_WHAT IS BEING ASKED_
Starting at the line that has "Kierrätysalumiinista valmistettu melan" and stopping after the line that has "Набір каструль Idilia", reproduce the listing below exactly; omit everything else.

_MATERIALS PROVIDED_
------------------------------------

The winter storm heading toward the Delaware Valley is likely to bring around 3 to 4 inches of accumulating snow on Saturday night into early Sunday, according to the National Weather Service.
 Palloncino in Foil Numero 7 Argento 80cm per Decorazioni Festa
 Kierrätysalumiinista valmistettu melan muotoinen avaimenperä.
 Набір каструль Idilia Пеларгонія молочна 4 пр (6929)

------------------------------------

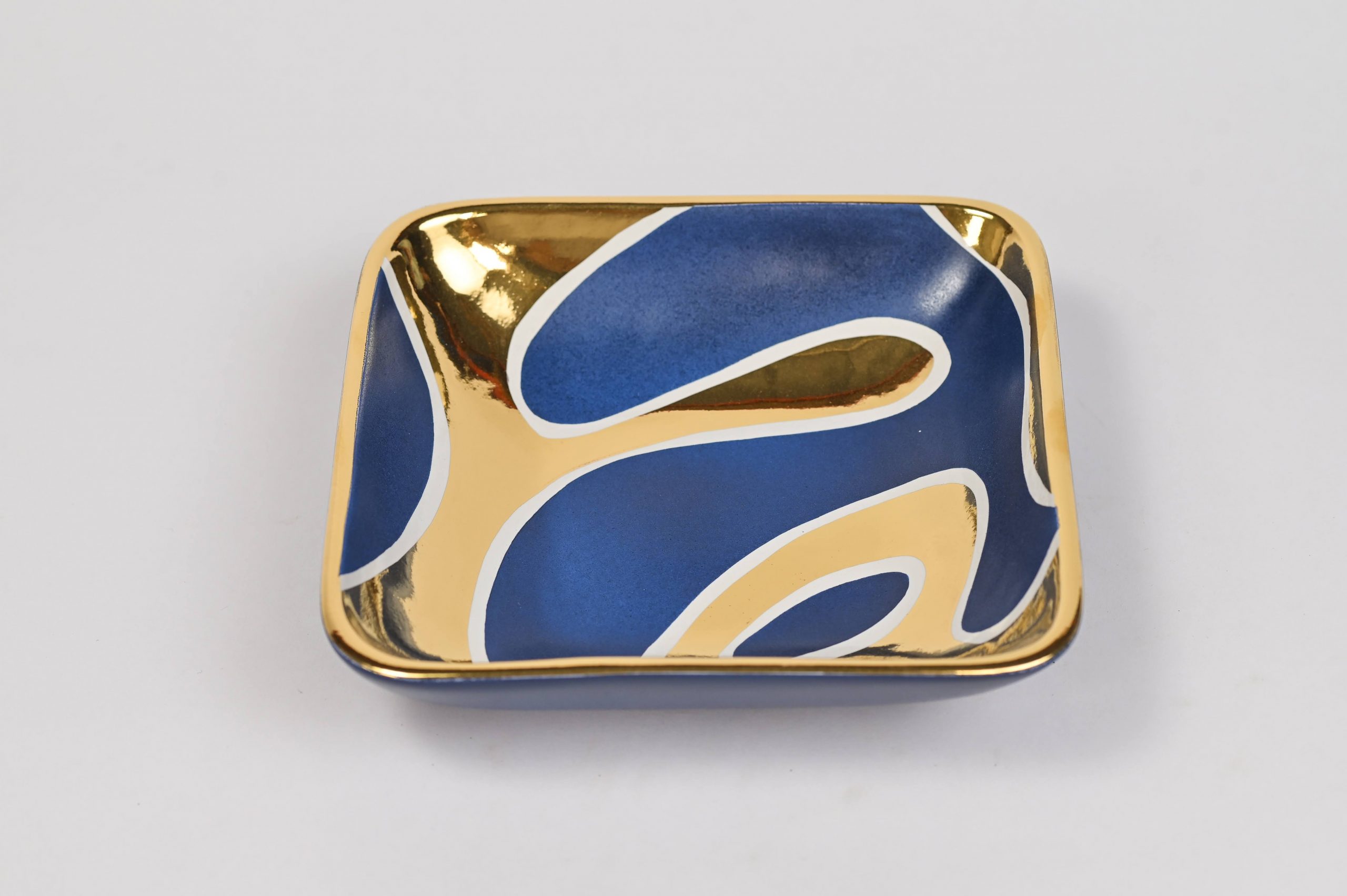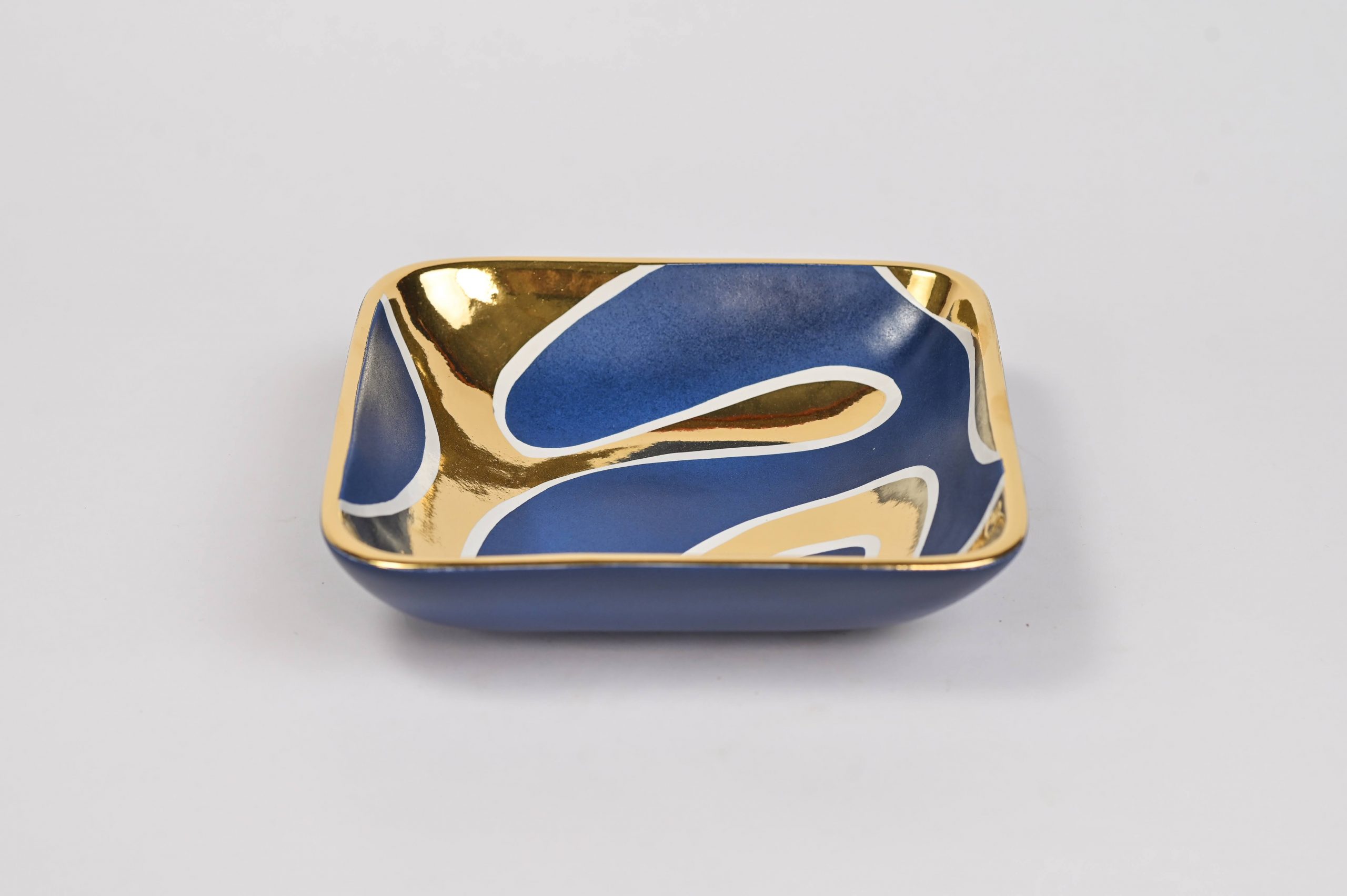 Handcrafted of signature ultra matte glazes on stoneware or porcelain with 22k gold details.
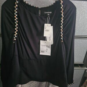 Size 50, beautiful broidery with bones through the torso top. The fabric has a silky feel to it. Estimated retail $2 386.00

------------------------------------

_ANSWER TO THIS PROBLEM_
 Kierrätysalumiinista valmistettu melan muotoinen avaimenperä.
 Набір каструль Idilia Пеларгонія молочна 4 пр (6929)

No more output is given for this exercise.